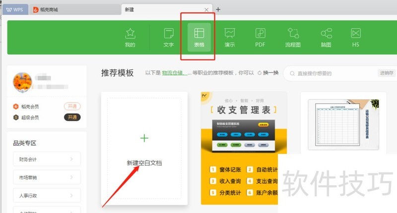 1、 打开新的wps文档,新建一个空白的excel表格即可。
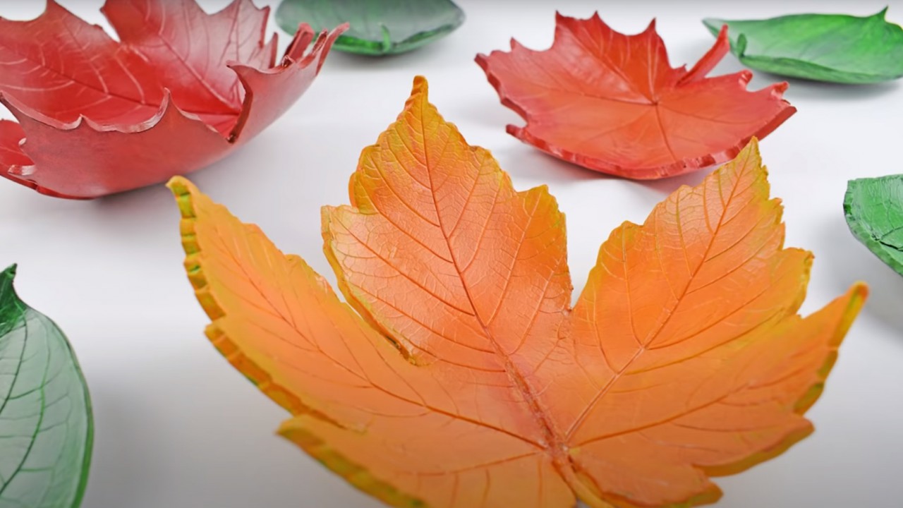 A gyurmát egy nyújtófa segítségével nyújtsd ki. Próbálj meg gyorsan dolgozni, mert hamar megszárad az anyag és utána nehéz vele dolgozni. Ha elég vékony lett, tegyél rá egy nagyobb falevelet. Nagyon szép eredményt érhetsz egy juharlevéllel, de természetesen mással is kísérletezhetsz. Egy sniccerrel vágd körbe és rajzold be az erezetét. Folpackkal bélelj ki egy tálat és tedd bele a gyurmalevelet. Hagyd teljesen megszáradni, majd óvatosan vedd ki. Ezután már csak a festés hiányzik: remekül mutat ezüst és aranyszínben, de akár az ősz egyéb árnyalatait is használhatod.
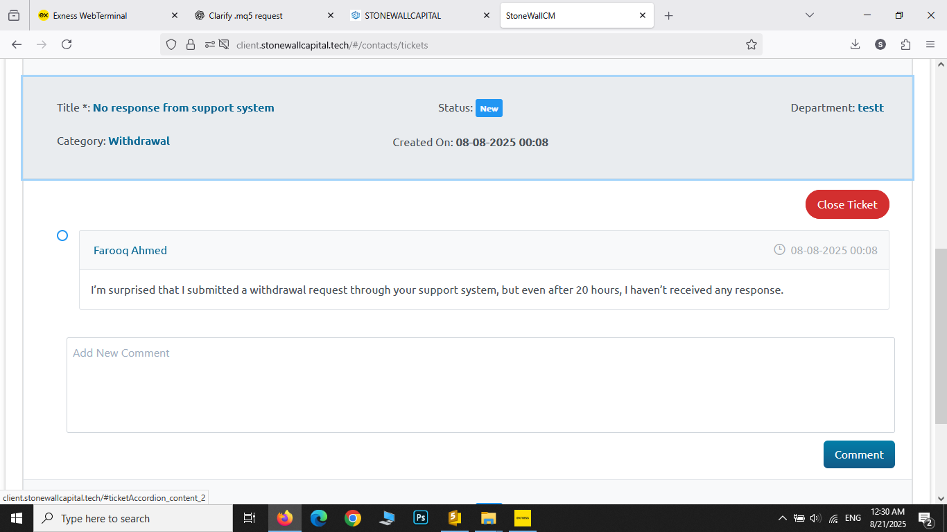 I warn Stone Wall’s administration to withdraw my funds immediately; otherwise, daily I will write a complaint against you on all website who are working in the field of trading. Any positive reviews or feedback online are likely fabricated by their own employees.
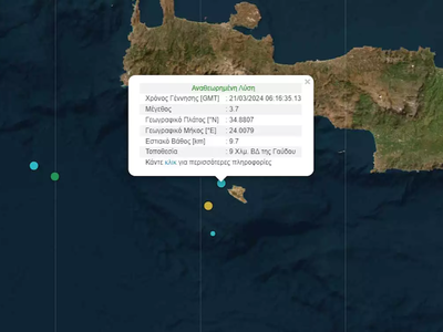 Σεισμός μεγέθους 3,7 βαθμών της κλίμακας Ρίχτερ σημειώθηκε στη Γαύδο νωρίτερα το πρωί της Πέμπτης 21 Μαρτίου.
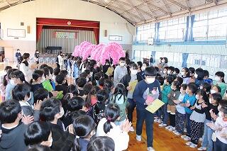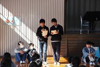 卒業を迎える6年生に感謝の気持ちを伝えるために,6年生を送る会が行われました。各学年の持ち時間が5分間程度と短い時間ではありましたが,それぞれの発達段階に応じて歌や言葉・踊りなどを交え,心を込めてお祝いすることができました。
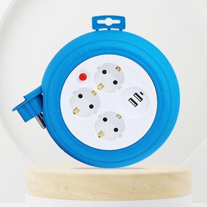 러그박스 손잡이 멀티탭 라운드 릴선 3구 USB 2포트 10M 1.5SQ (MT) 이지콕 플러그 캠핑 접지 코드릴
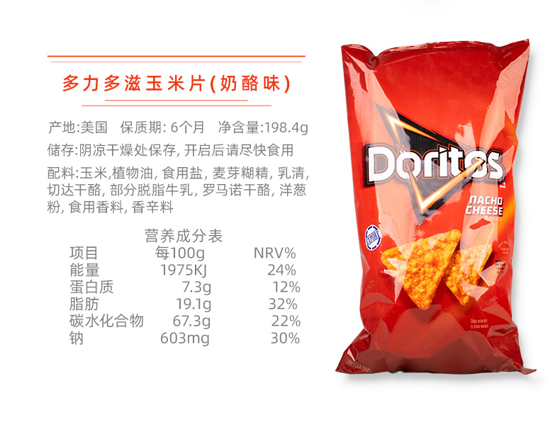 这款多力多滋玉米片是一款膨化薯片,使用本土优质玉米为原料,三角形状,香脆大片,入口咔吱咔吱脆。
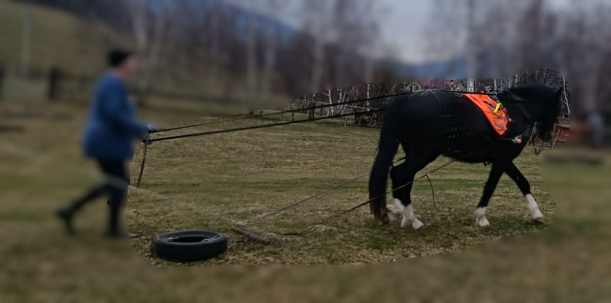 Jinak toho, jak to pěkně zvládá pod sedlem, hodlám využívat, a bude tahat pneumatičku i jezdec v ruce, třeba i na vyjížďce něco rachtavého potahá za sebou, ať si mladej zvyká, a přesně, jezdci na zádech hned tak neuteče, takže postupně, ono to půjde 🙂
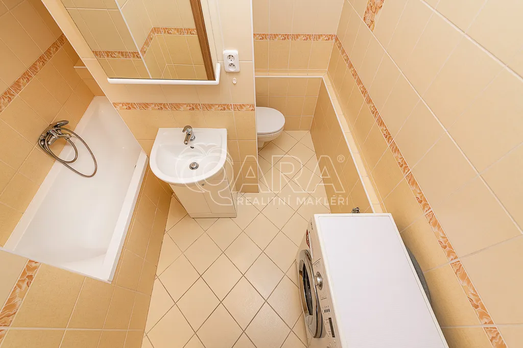 Byt je po rekonstrukci. Je vybaven kuchyňskou linkou s plynovou varnou deskou a troubou. Jádro je zděné, toaleta je spojená s koupelnou, která disponuje vanou a místem pro pračku. Vytápění a ohřev vody je centrální z vlastní plynové kotelny. Na podlahách je dlažba, vinil a v ložnici dřevěné parkety ve velmi dobrém stavu. Byt je vymalován a pečlivě uklizen.
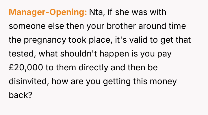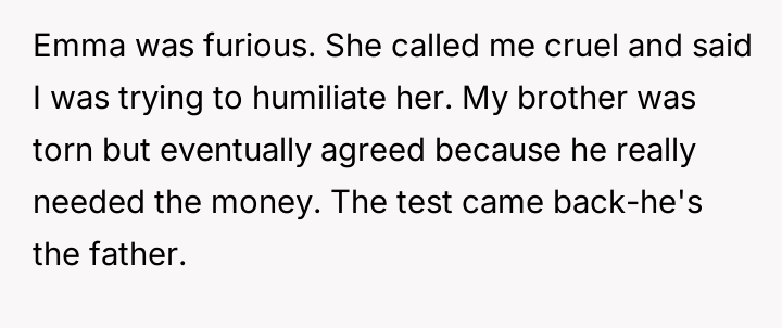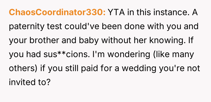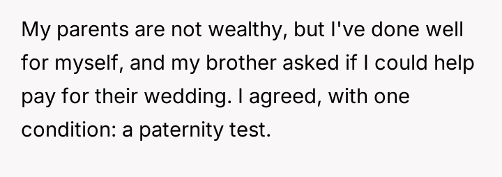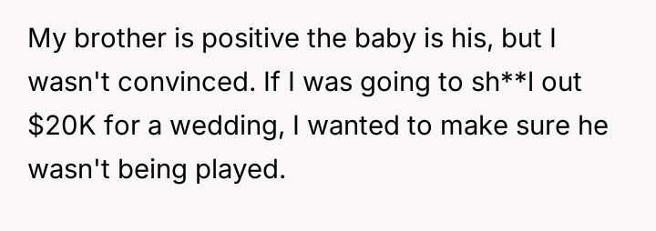AITA for Making My Brother's Fiancée Take a Paternity Test Before Paying for Their Wedding?
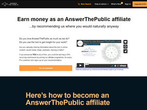 Otherthe AnswerThePublic affiliate program. As one of our trusted Partners, you can now earn 30% of the monthly subscription, every month for each customer who signs up for a paid AnswerThePublic member...
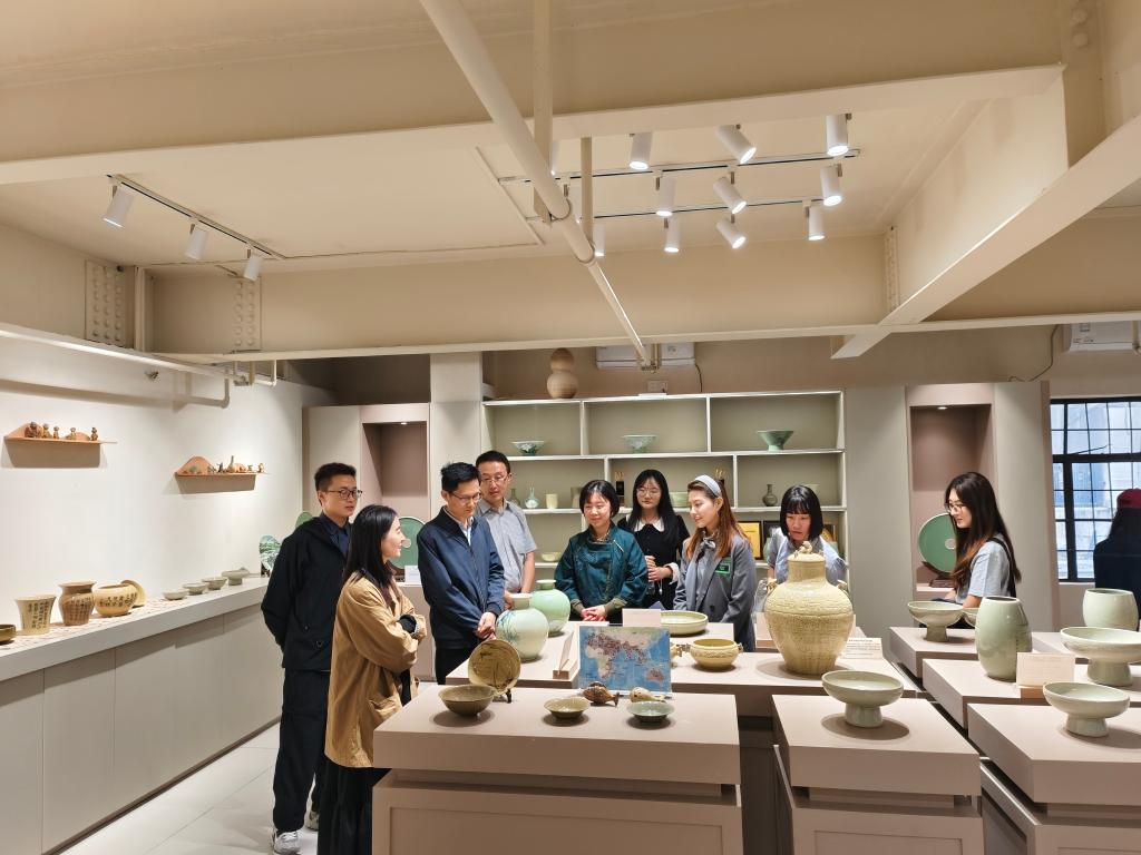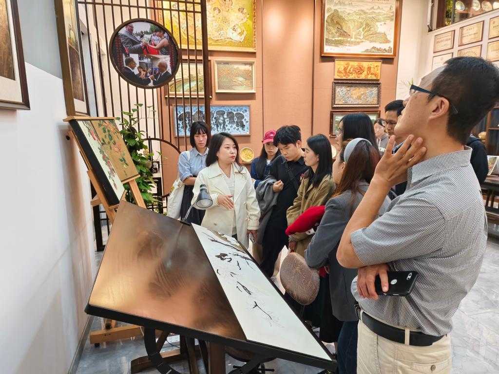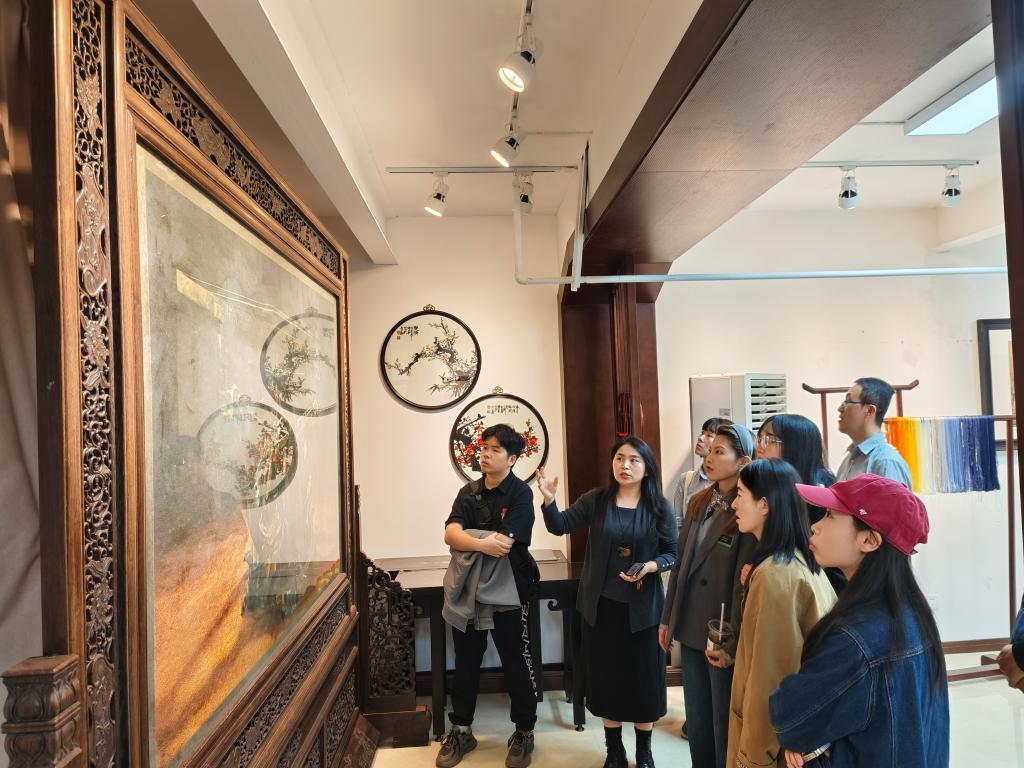 在瓯窑馆,吴少珺老师带领大家追溯瓯窑的千年历史,从釉色演变、器型设计到烧制技艺,细致讲解瓯窑工艺特色,引导大家感受传统陶瓷工艺的匠心与智慧;移步瓯绣馆,余琼老师以丝线、图样为载体,现场展示瓯绣核心技法,新师们在欣赏优秀作品的同时,领略这项画绣结合的千年艺术瑰宝;最后一站,郑央凡老师解读瓯塑“以塑代画”的艺术特点在装饰、文创等领域的应用,并结合自身艺术实践经历为新师们开设美育课堂,现场不时传来对非遗技艺的赞叹。
····················
> [Task prompt]: The records above should be written out in full and unchanged, except that pictures are dropped.

> [Task solution]:
 1、 打开新的wps文档,新建一个空白的excel表格即可。
 A gyurmát egy nyújtófa segítségével nyújtsd ki. Próbálj meg gyorsan dolgozni, mert hamar megszárad az anyag és utána nehéz vele dolgozni. Ha elég vékony lett, tegyél rá egy nagyobb falevelet. Nagyon szép eredményt érhetsz egy juharlevéllel, de természetesen mással is kísérletezhetsz. Egy sniccerrel vágd körbe és rajzold be az erezetét. Folpackkal bélelj ki egy tálat és tedd bele a gyurmalevelet. Hagyd teljesen megszáradni, majd óvatosan vedd ki. Ezután már csak a festés hiányzik: remekül mutat ezüst és aranyszínben, de akár az ősz egyéb árnyalatait is használhatod.
 I warn Stone Wall’s administration to withdraw my funds immediately; otherwise, daily I will write a complaint against you on all website who are working in the field of trading. Any positive reviews or feedback online are likely fabricated by their own employees.
 Σεισμός μεγέθους 3,7 βαθμών της κλίμακας Ρίχτερ σημειώθηκε στη Γαύδο νωρίτερα το πρωί της Πέμπτης 21 Μαρτίου.
 卒業を迎える6年生に感謝の気持ちを伝えるために,6年生を送る会が行われました。各学年の持ち時間が5分間程度と短い時間ではありましたが,それぞれの発達段階に応じて歌や言葉・踊りなどを交え,心を込めてお祝いすることができました。
 러그박스 손잡이 멀티탭 라운드 릴선 3구 USB 2포트 10M 1.5SQ (MT) 이지콕 플러그 캠핑 접지 코드릴
 这款多力多滋玉米片是一款膨化薯片,使用本土优质玉米为原料,三角形状,香脆大片,入口咔吱咔吱脆。
 Jinak toho, jak to pěkně zvládá pod sedlem, hodlám využívat, a bude tahat pneumatičku i jezdec v ruce, třeba i na vyjížďce něco rachtavého potahá za sebou, ať si mladej zvyká, a přesně, jezdci na zádech hned tak neuteče, takže postupně, ono to půjde 🙂
 Byt je po rekonstrukci. Je vybaven kuchyňskou linkou s plynovou varnou deskou a troubou. Jádro je zděné, toaleta je spojená s koupelnou, která disponuje vanou a místem pro pračku. Vytápění a ohřev vody je centrální z vlastní plynové kotelny. Na podlahách je dlažba, vinil a v ložnici dřevěné parkety ve velmi dobrém stavu. Byt je vymalován a pečlivě uklizen.
AITA for Making My Brother's Fiancée Take a Paternity Test Before Paying for Their Wedding?
 Otherthe AnswerThePublic affiliate program. As one of our trusted Partners, you can now earn 30% of the monthly subscription, every month for each customer who signs up for a paid AnswerThePublic member...
 在瓯窑馆,吴少珺老师带领大家追溯瓯窑的千年历史,从釉色演变、器型设计到烧制技艺,细致讲解瓯窑工艺特色,引导大家感受传统陶瓷工艺的匠心与智慧;移步瓯绣馆,余琼老师以丝线、图样为载体,现场展示瓯绣核心技法,新师们在欣赏优秀作品的同时,领略这项画绣结合的千年艺术瑰宝;最后一站,郑央凡老师解读瓯塑“以塑代画”的艺术特点在装饰、文创等领域的应用,并结合自身艺术实践经历为新师们开设美育课堂,现场不时传来对非遗技艺的赞叹。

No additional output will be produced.